TRY IT: From the listing that follows, reproduce only the lines from the one holding "WASHINGTON, bal. 2." through the one holding "2. Kruhová pečeť", both included, with no pictures.

EXERCISE INPUT:
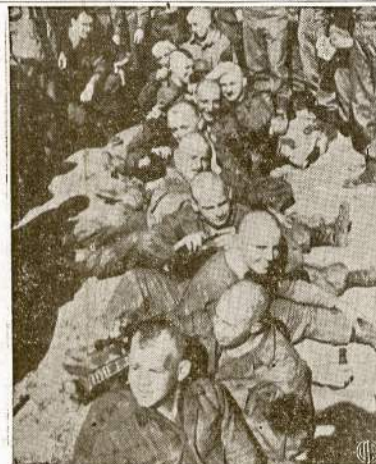
Grupė amerikiečių parašutintinku, kurie nuleisti vokiečių užnagaryj laike mūsų jėgų kėlimosi per Reino upę.

WASHINGTON, bal. 2. — Prezidentas Rooseveltas įvardino 25 genolus, kuriems prašė aukštesnio laipsnio.
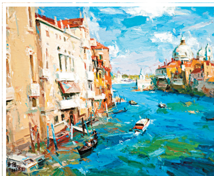
● 巫俊作品《威尼斯大運河》
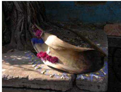
Foglia di palma raccolta a Andheri West, Mumbai; pigmento blu. Isola-Tempio > Old Woman's Island
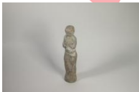
Socha Hudba - studie.
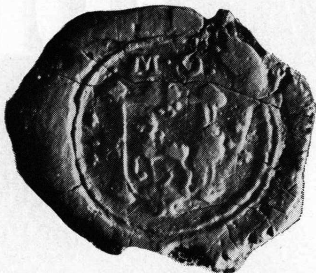
2. Kruhová pečeť města Ostravy, 1667—1803 Popis pečetí, č. 6, str. 31
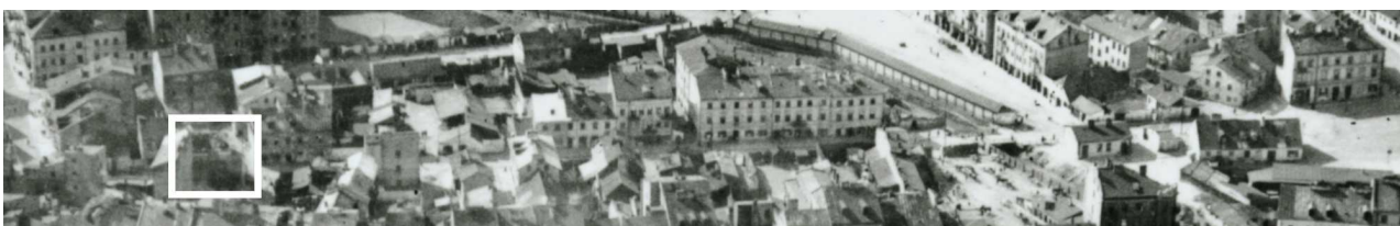
Fragment panoramy Lublina, lata 30., ul. Nadstawna/ A fragment of panorama of Lublin in the 1930s, Nadstawna street,
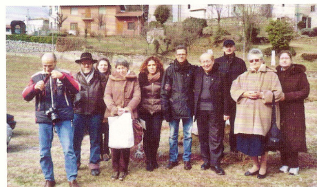
22 febbraio 2009 un gruppo da Udine.
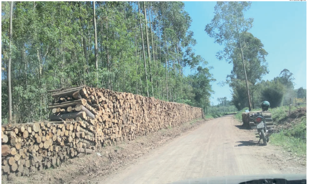
Lenha posta adequadamente, e não sobre valetas, facilita tráfego de veículos e evita transtornos com a água da chuva

A medida visa melhorias nas vias do município
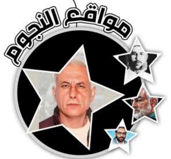
كريم يونس (عميد الأسرى الفلسطينيين)

«لقد قاتلنا وضحينا من أجل بلدنا وكرامتنا، وسنبقى نقاتل من جوف زنازيننا وما بقي لنا من العمر. إن السجن لم يسيطر علينا، والسجان الذي يقيد أيدينا تحول إلى سجين في حياتنا. وسيبقى مستنفراً وقلقاً تحت وقع مقاومتنا وإصرارنا على الحرية» (كريم).

OUTPUT:
WASHINGTON, bal. 2. — Prezidentas Rooseveltas įvardino 25 genolus, kuriems prašė aukštesnio laipsnio.
● 巫俊作品《威尼斯大運河》
Foglia di palma raccolta a Andheri West, Mumbai; pigmento blu. Isola-Tempio > Old Woman's Island
Socha Hudba - studie.
2. Kruhová pečeť města Ostravy, 1667—1803 Popis pečetí, č. 6, str. 31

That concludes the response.